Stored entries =
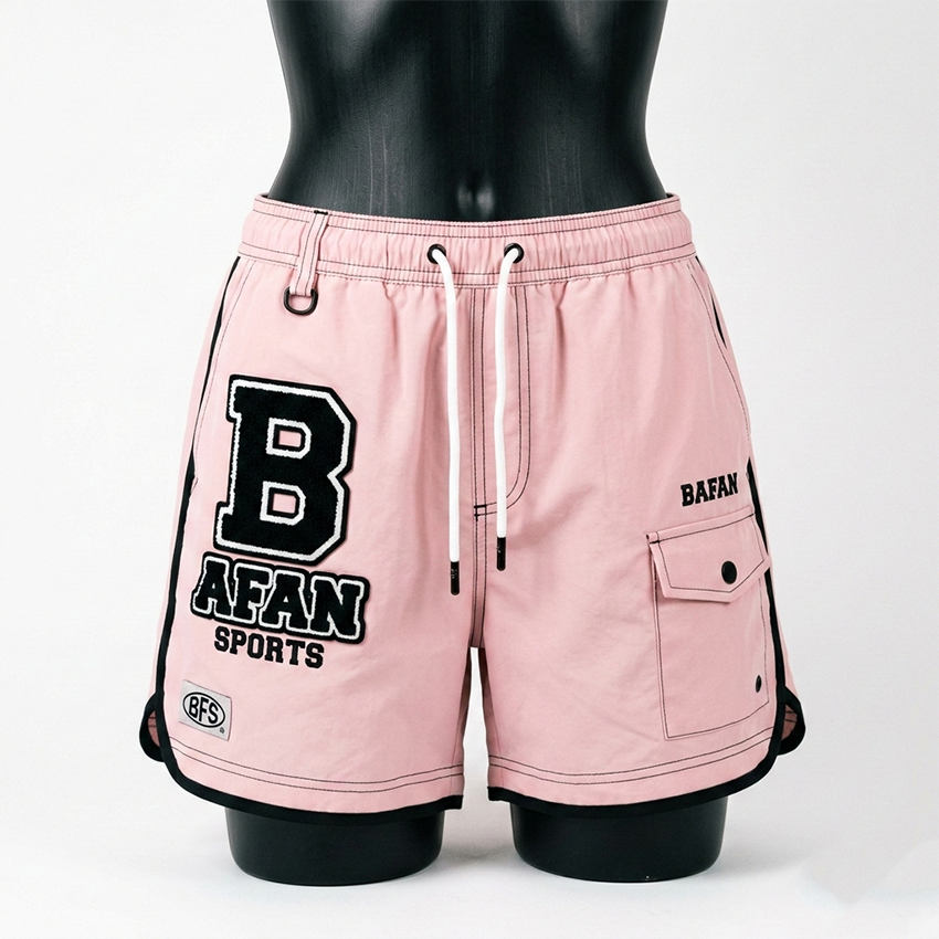 กางเกงว่ายน้ำผู้หญิง ผ้าโพลีเอสเตอร์แห้งเร็ว 140 GSM ซับในตาข่ายสีชมพู แต่งแถบข้างสีดำ ปักโลโก้แบบเชนิลล์ตามสั่ง
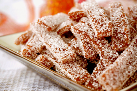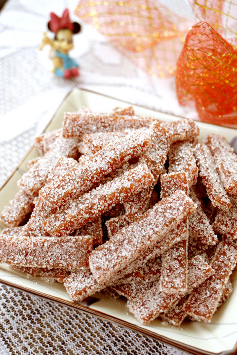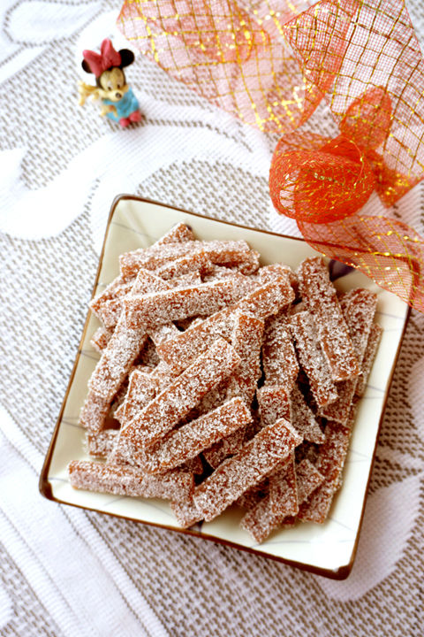 先前的山楂糕據(jù)說不夠甜,忽然就有了個新想法。記憶中,有一種山楂條/片上布滿了雪花般的砂糖,咬在嘴里咯吱咯吱。索性就把這山楂糕變成沾滿砂糖的山楂條。方法很簡單,山楂糕切片,放烤箱里烘干,然后在糖堆里滾上一圈??谖蹲兲鹆?,口感也豐富了。。。。
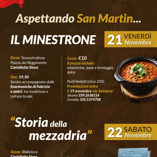 Domenica 23 novembre ritorna "El Festin ed San Martin": rievocazione storica con animali e figuranti che animerà le vie di Castelletto Stura con la rappresentazione di "San Martino e il povero" e del "Tramud ed San Martin". Durante la giornata mercatino agricolo ed esposizione di abiti da sposa vintage. La festa sarà anticipata venerdì 21 novembre dalla serata gastronomica dedicata al minestrone e sabato 22 novembre dall'incontro presso la biblioteca "Storia della Mezzadria" e presentazione del romanzo "Mi ha svegliato il silenzio".
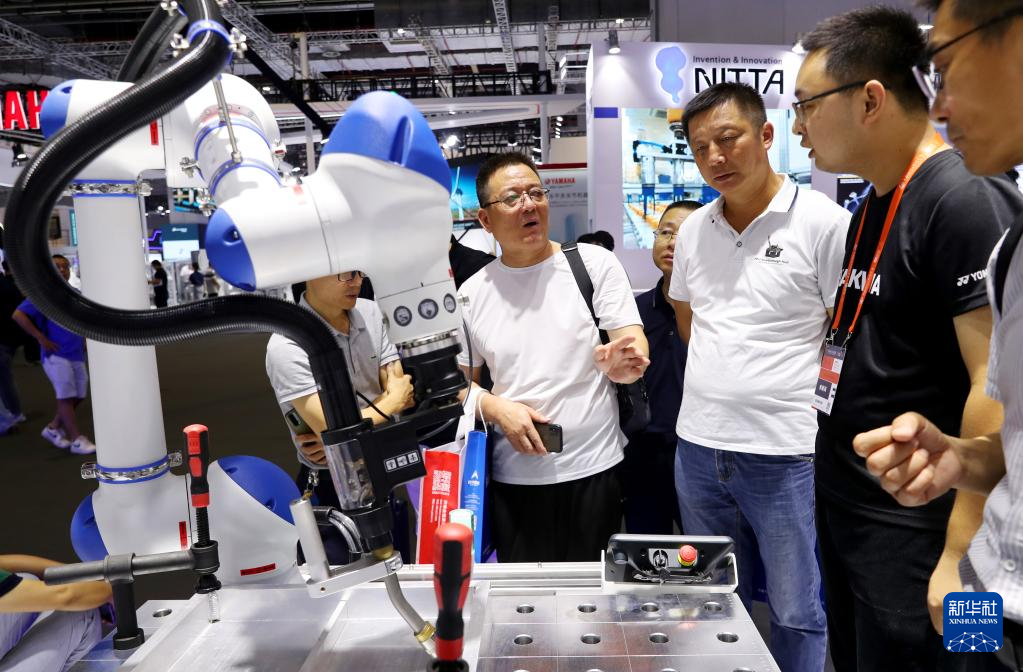 第二十三届中国国际工业博览会在上海开幕。参观者与工作人员在一个人机协作电池盒焊接系统旁交流讨论。新华社记者 方喆 摄
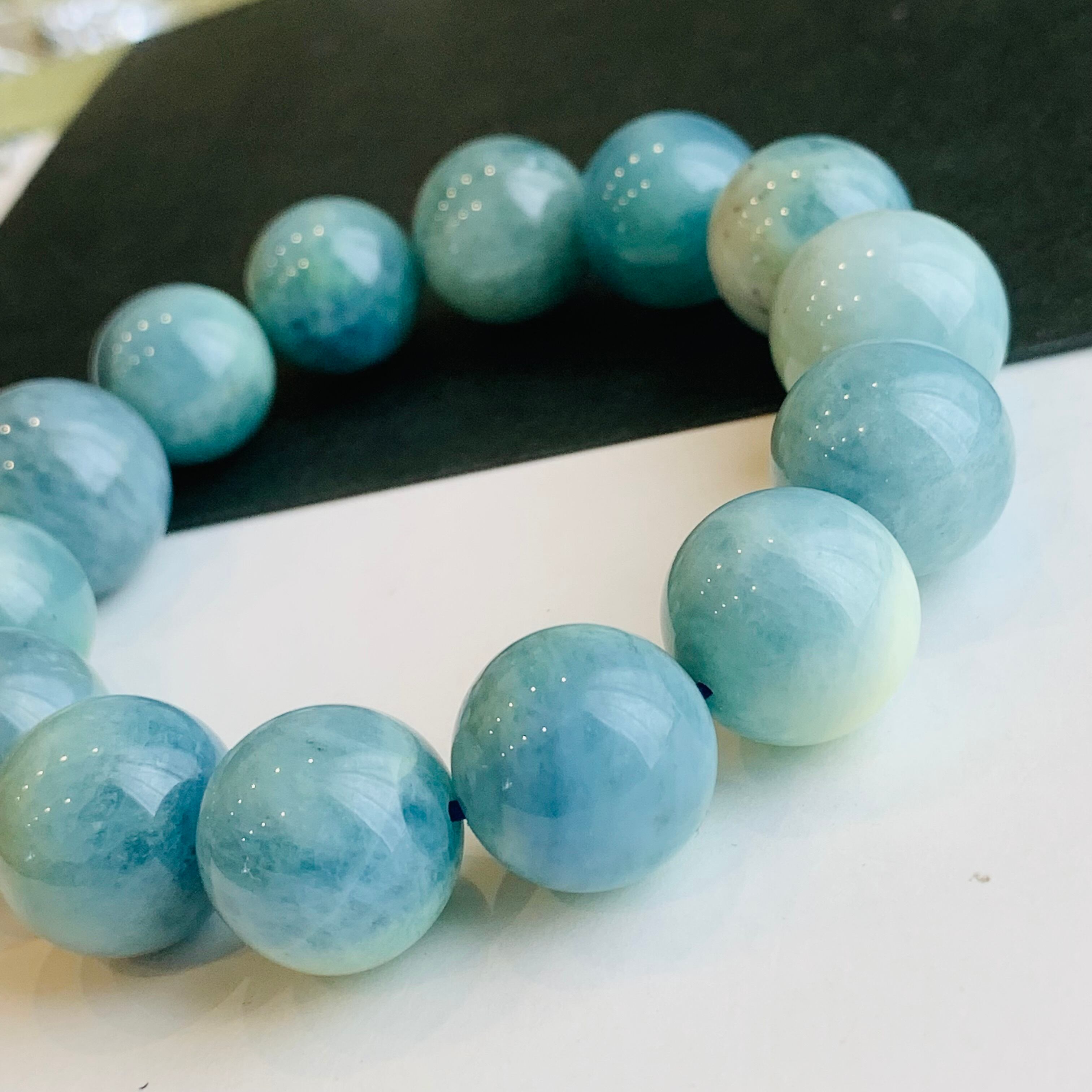 ブルーグリーンアクアマリン ブレスレット 天然石 希少 大珠 R174
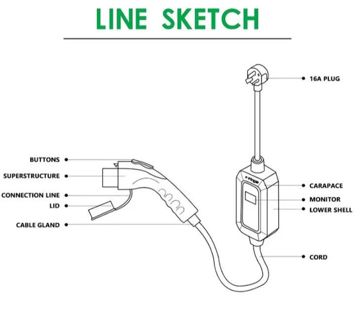 شاحن سيارة كهربائي محمول لجميع السيارات التي تشحن بالكهرباء 3.5 كيلو واط – 16 امبير 250 فولت – 15 متر ( Type 1 ) / موديل D16A

Work instruction = Retype each entry exactly. No pictures.

Solution to this problem =
 กางเกงว่ายน้ำผู้หญิง ผ้าโพลีเอสเตอร์แห้งเร็ว 140 GSM ซับในตาข่ายสีชมพู แต่งแถบข้างสีดำ ปักโลโก้แบบเชนิลล์ตามสั่ง
 先前的山楂糕據(jù)說不夠甜,忽然就有了個新想法。記憶中,有一種山楂條/片上布滿了雪花般的砂糖,咬在嘴里咯吱咯吱。索性就把這山楂糕變成沾滿砂糖的山楂條。方法很簡單,山楂糕切片,放烤箱里烘干,然后在糖堆里滾上一圈??谖蹲兲鹆?,口感也豐富了。。。。
 Domenica 23 novembre ritorna "El Festin ed San Martin": rievocazione storica con animali e figuranti che animerà le vie di Castelletto Stura con la rappresentazione di "San Martino e il povero" e del "Tramud ed San Martin". Durante la giornata mercatino agricolo ed esposizione di abiti da sposa vintage. La festa sarà anticipata venerdì 21 novembre dalla serata gastronomica dedicata al minestrone e sabato 22 novembre dall'incontro presso la biblioteca "Storia della Mezzadria" e presentazione del romanzo "Mi ha svegliato il silenzio".
 第二十三届中国国际工业博览会在上海开幕。参观者与工作人员在一个人机协作电池盒焊接系统旁交流讨论。新华社记者 方喆 摄
 ブルーグリーンアクアマリン ブレスレット 天然石 希少 大珠 R174
 شاحن سيارة كهربائي محمول لجميع السيارات التي تشحن بالكهرباء 3.5 كيلو واط – 16 امبير 250 فولت – 15 متر ( Type 1 ) / موديل D16A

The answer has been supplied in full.